[Recorded information — start]

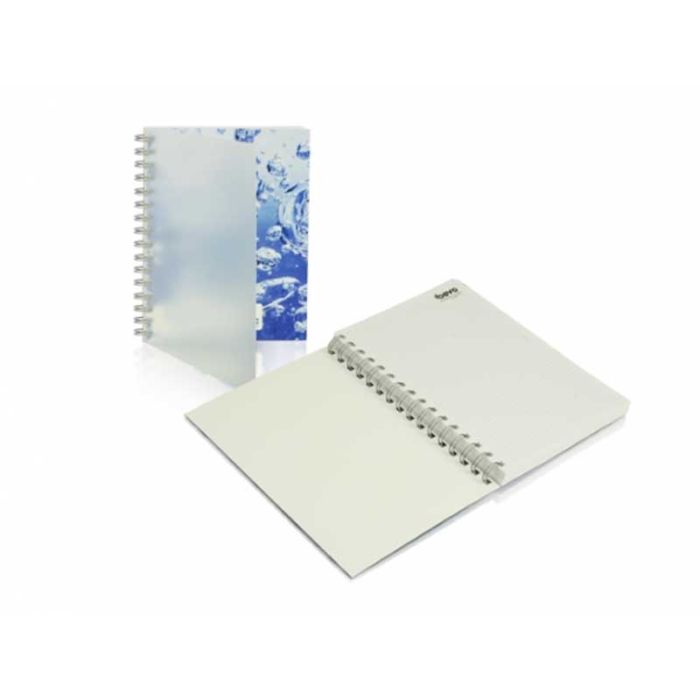 Notebook with spiral, additionally available polypropylene cover. The notebook thus looks better and offers additional protection to the pages. Dimensions:WTP380_A5cover 149 x 210 mm / closedpages 148 x 210 mm Number of pages: 25-50-100, printing 1-4 colors. The product is also available in A4 or A6 format.
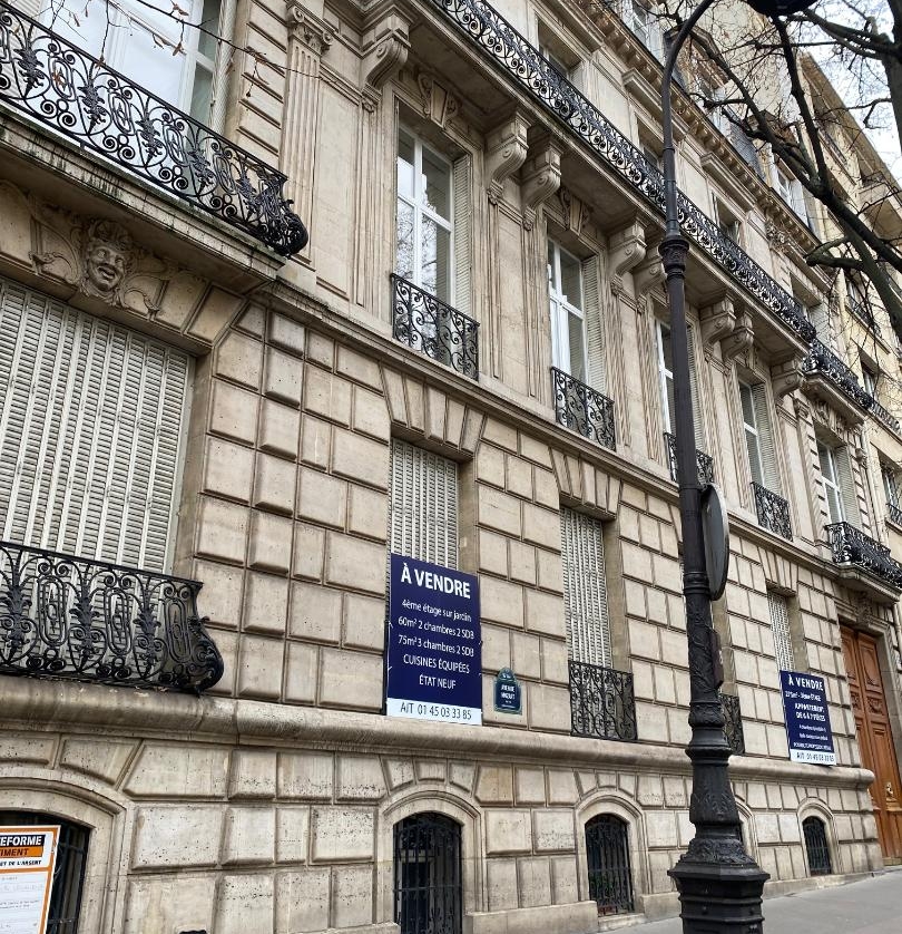 Paris 16e Arrondissement toujours de notre lectrice Mme Kennedy: "Avenue Mozart - Passy: en me promenant à l’heure du déjeuner en ce 12e jour de décembre, voici un échantillon de qui se passe actuellement - sur la 4e photo, c’est tout le bâtiment ENTIER qui est à vendre!
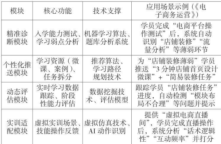 分层推送学习资源:系统按照学员能力画像动态推送资料,针对《电子商务运营》基础较差的学员,推送“零基础店铺注册微课”“简易商品上架案例”,任务主要设置为“完成 1 个基础店铺搭建”;向具备电商经验的学员推送“高级流量投放策略”“直播话术优化案例”,任务以“制定 1 份店铺月度营销方案”为主要内容;《机电设备维修》学员系统按照“故障排查薄弱点”,推送对应的“电机轴承故障排查微课”“电路短路虚拟实训”,并且限制实训操作次数。AI 系统会实时对学员学习数据进行跟踪,例如“微课观看完成率”“实训操作错误率”,若学员出现连续 2 次未完成学习任务或者实训错误率超过 30% 的情况,就自动触发“干预机制”,推送专门的补救资源,且提示辅导教师进行介入指导,防止学员陷入学习困境[2]。

[Recorded information — finish]

Could the listing above be printed again in full, with every picture omitted?

* Task result *
 Notebook with spiral, additionally available polypropylene cover. The notebook thus looks better and offers additional protection to the pages. Dimensions:WTP380_A5cover 149 x 210 mm / closedpages 148 x 210 mm Number of pages: 25-50-100, printing 1-4 colors. The product is also available in A4 or A6 format.
 Paris 16e Arrondissement toujours de notre lectrice Mme Kennedy: "Avenue Mozart - Passy: en me promenant à l’heure du déjeuner en ce 12e jour de décembre, voici un échantillon de qui se passe actuellement - sur la 4e photo, c’est tout le bâtiment ENTIER qui est à vendre!
 分层推送学习资源:系统按照学员能力画像动态推送资料,针对《电子商务运营》基础较差的学员,推送“零基础店铺注册微课”“简易商品上架案例”,任务主要设置为“完成 1 个基础店铺搭建”;向具备电商经验的学员推送“高级流量投放策略”“直播话术优化案例”,任务以“制定 1 份店铺月度营销方案”为主要内容;《机电设备维修》学员系统按照“故障排查薄弱点”,推送对应的“电机轴承故障排查微课”“电路短路虚拟实训”,并且限制实训操作次数。AI 系统会实时对学员学习数据进行跟踪,例如“微课观看完成率”“实训操作错误率”,若学员出现连续 2 次未完成学习任务或者实训错误率超过 30% 的情况,就自动触发“干预机制”,推送专门的补救资源,且提示辅导教师进行介入指导,防止学员陷入学习困境[2]。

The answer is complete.